# Work order
Repeat each line of the material below exactly as it appears, minus any pictures.

BEGIN Data segment

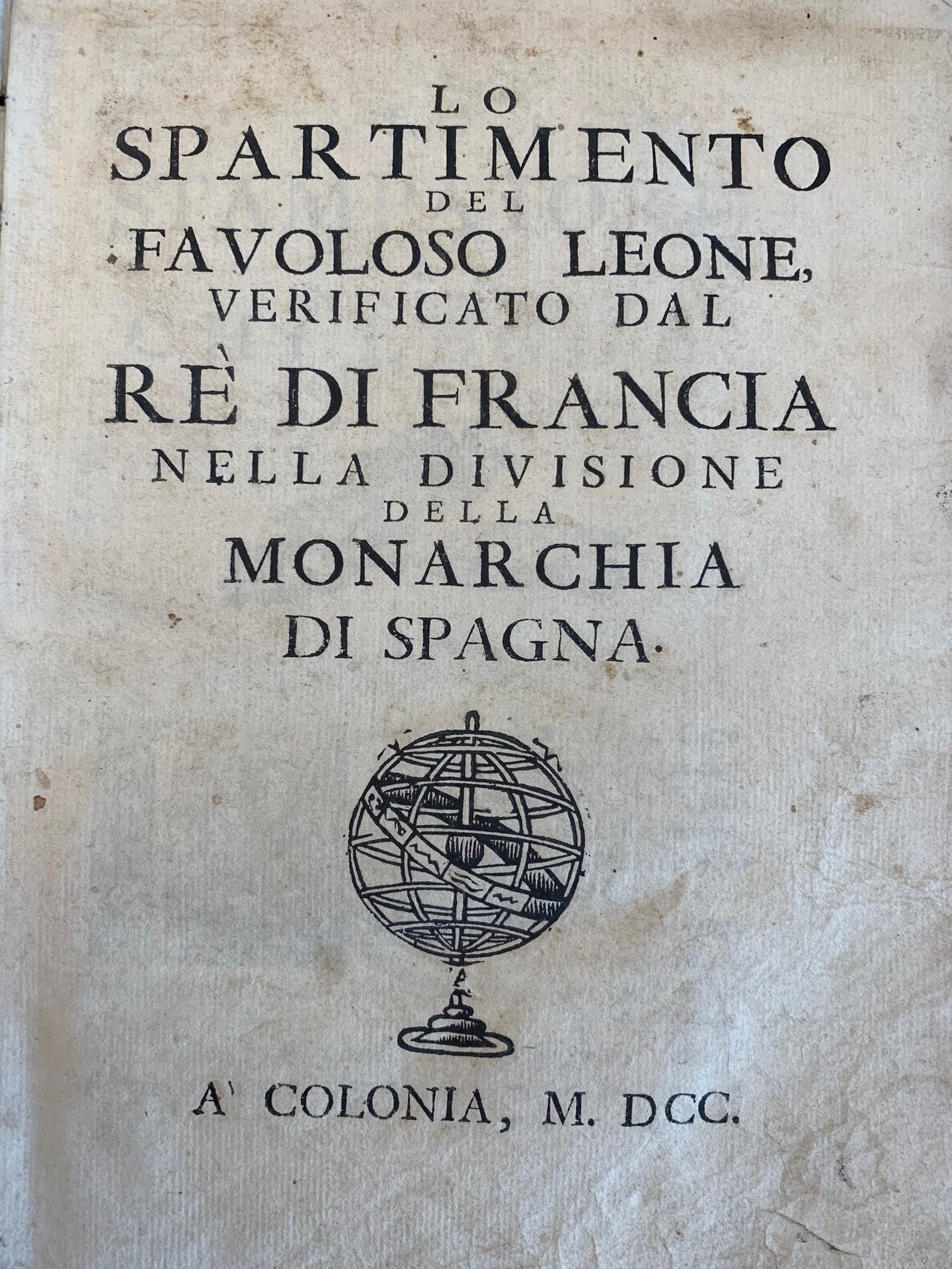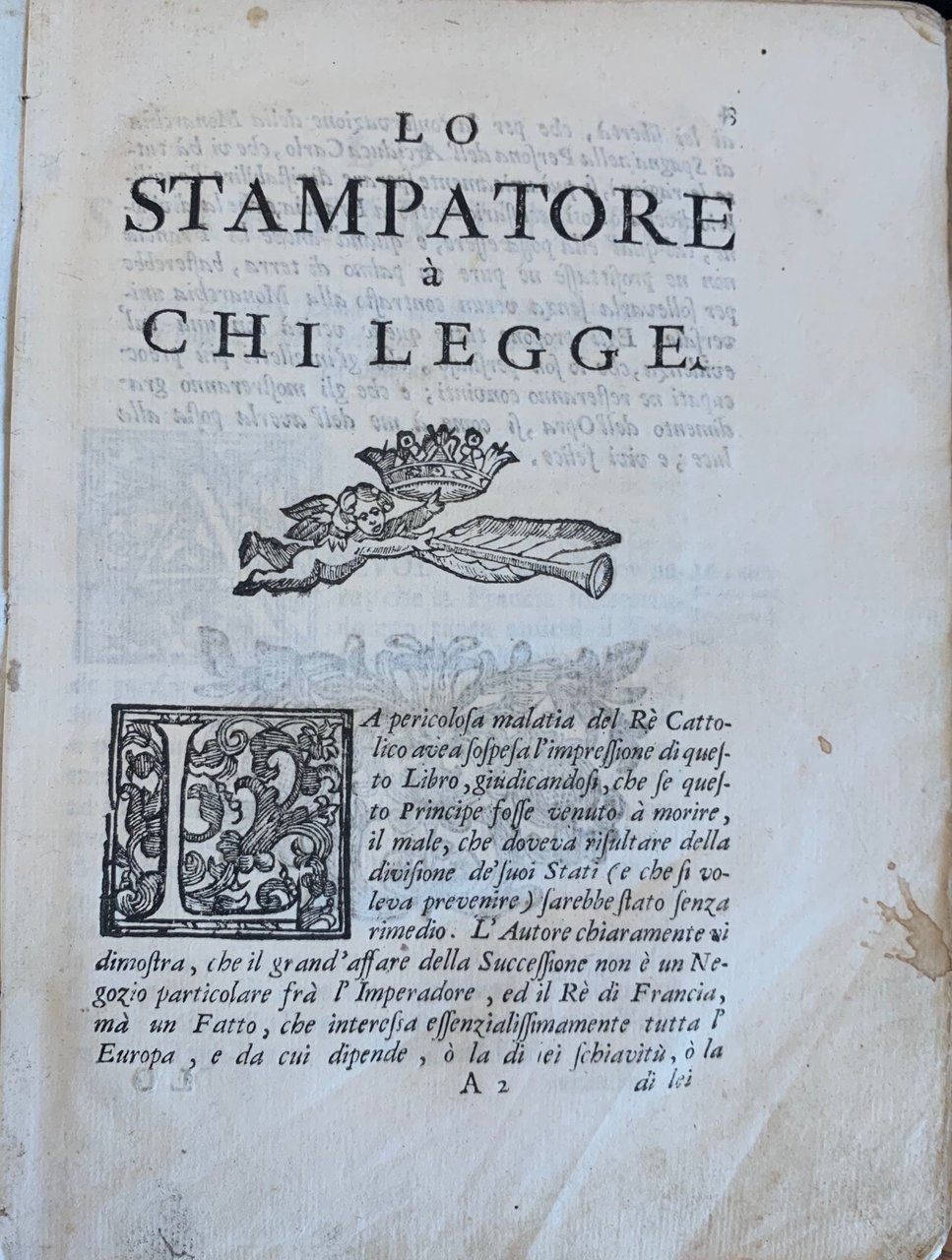 >2 parti in un volume in-4 piccolo (208x150 mm), pp. 84; 202; legatura coeva cartonato rustico. Vignetta xilogr. (planisfero) su entrambi i titoli, iniziali e fregi in xilografia. Prima edizione, stampata senza nome dell'autore e dello stampatore e col luogo, sicuramente falso, di Colonia. L'autore, lucchese, "consigliere imperiale aulico", racconta che Carlo II (1661-1700), ultimo degli Asburgo di Spagna, dopo aver pensato per un momento ad una spartizione dell'impero, nel suo ultimo testamento designò come erede universale Filippo di Francia, Duca d'Angiò, nipote di Luigi XIV e Maria Teresa di Spagna (ottobre 1700). Questo testamento, contestato dall'Austria, provocò la guerra di successione spagnola che si concluderà con i trattati di Utrecht e di Rastatt (1713-14). Bell'esemplare. Non in Parenti, Luoghi falsi. Melzi III, 85.
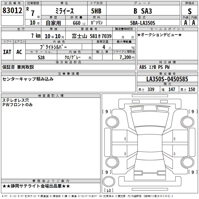 Статус выставлен на аукцион Лот 83012 Аукцион TAA Chubu Дата аукциона 05.02.2026
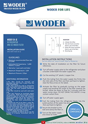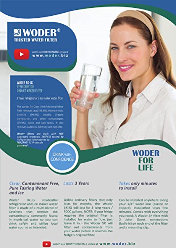 -. Feature : GO MAINTENANCE AND REPLACEMENT FREE FOR LONGER: The Woder 5K inline cartridges last 3 years / 5,000 gallons, which is six (6!) times longer than your average refrigerator filter, who recommend being changed at least once every six months. Built with NSF approved materials (NSF61) tested by independent laboratories to NSF/ANSI 42 Protocols plus Lead. / SAFEGUARD YOUR KITCHEN, EASILY: With an important appliance like your refrigerator, you want to prevent leakage before it becomes a problem. The Woder® 5K Inline Water Filter uses quick-connect JG connectors that fit ALL refrigerators with copper or plastic ¼-inch tubing (NOT Braided) to ensure a watertight connection, so you can rest easy after installation. Plus the guide to install's a breeze! / ENJOY FEARLESS REFRESHMENT: You can trust the water and ice coming from your fridge when you've got a Woder® 5K Inline Water Filter connected. Woder filters are built with NSF approved materials (NSF61) and tested at independent laboratories to NSF/ANSI 42 protocols plus lead...so you never have to question the quality of your filtration system. / KEEP YOUR FAMILY SAFE: When municipal water reaches your house, it might contain any number of contaminants, from volatile organic compounds to heavy metals, and more. The Woder 5K remove Lead (99.9%), Heavy metals, Chlorine (99.9%) and other contaminants (99.9%), odors and bad tastes. It also removes Asbestos, Mercury and turbidity. / WODER'S "PERFECTION" GUARANTEE: Woder is so confident in the durability, ease-of-use and quality of the Woder 5K that it comes with a 100% No-Questions-Asked Money-Back Guarantee. So try the Woder 5K inline filter in your home today risk-free by clicking the "Add to Cart" button-you'll be happy you did
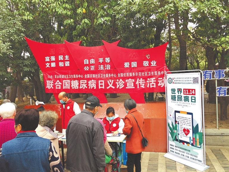 11月14日是第31个“世界糖尿病日”。当日上午,青云谱区京山街道社区卫生服务中心在京新社区组织开展了“世界糖尿病日”宣传义诊活动。

END Data segment

# Task answer
 >2 parti in un volume in-4 piccolo (208x150 mm), pp. 84; 202; legatura coeva cartonato rustico. Vignetta xilogr. (planisfero) su entrambi i titoli, iniziali e fregi in xilografia. Prima edizione, stampata senza nome dell'autore e dello stampatore e col luogo, sicuramente falso, di Colonia. L'autore, lucchese, "consigliere imperiale aulico", racconta che Carlo II (1661-1700), ultimo degli Asburgo di Spagna, dopo aver pensato per un momento ad una spartizione dell'impero, nel suo ultimo testamento designò come erede universale Filippo di Francia, Duca d'Angiò, nipote di Luigi XIV e Maria Teresa di Spagna (ottobre 1700). Questo testamento, contestato dall'Austria, provocò la guerra di successione spagnola che si concluderà con i trattati di Utrecht e di Rastatt (1713-14). Bell'esemplare. Non in Parenti, Luoghi falsi. Melzi III, 85.
 Статус выставлен на аукцион Лот 83012 Аукцион TAA Chubu Дата аукциона 05.02.2026
 -. Feature : GO MAINTENANCE AND REPLACEMENT FREE FOR LONGER: The Woder 5K inline cartridges last 3 years / 5,000 gallons, which is six (6!) times longer than your average refrigerator filter, who recommend being changed at least once every six months. Built with NSF approved materials (NSF61) tested by independent laboratories to NSF/ANSI 42 Protocols plus Lead. / SAFEGUARD YOUR KITCHEN, EASILY: With an important appliance like your refrigerator, you want to prevent leakage before it becomes a problem. The Woder® 5K Inline Water Filter uses quick-connect JG connectors that fit ALL refrigerators with copper or plastic ¼-inch tubing (NOT Braided) to ensure a watertight connection, so you can rest easy after installation. Plus the guide to install's a breeze! / ENJOY FEARLESS REFRESHMENT: You can trust the water and ice coming from your fridge when you've got a Woder® 5K Inline Water Filter connected. Woder filters are built with NSF approved materials (NSF61) and tested at independent laboratories to NSF/ANSI 42 protocols plus lead...so you never have to question the quality of your filtration system. / KEEP YOUR FAMILY SAFE: When municipal water reaches your house, it might contain any number of contaminants, from volatile organic compounds to heavy metals, and more. The Woder 5K remove Lead (99.9%), Heavy metals, Chlorine (99.9%) and other contaminants (99.9%), odors and bad tastes. It also removes Asbestos, Mercury and turbidity. / WODER'S "PERFECTION" GUARANTEE: Woder is so confident in the durability, ease-of-use and quality of the Woder 5K that it comes with a 100% No-Questions-Asked Money-Back Guarantee. So try the Woder 5K inline filter in your home today risk-free by clicking the "Add to Cart" button-you'll be happy you did
 11月14日是第31个“世界糖尿病日”。当日上午,青云谱区京山街道社区卫生服务中心在京新社区组织开展了“世界糖尿病日”宣传义诊活动。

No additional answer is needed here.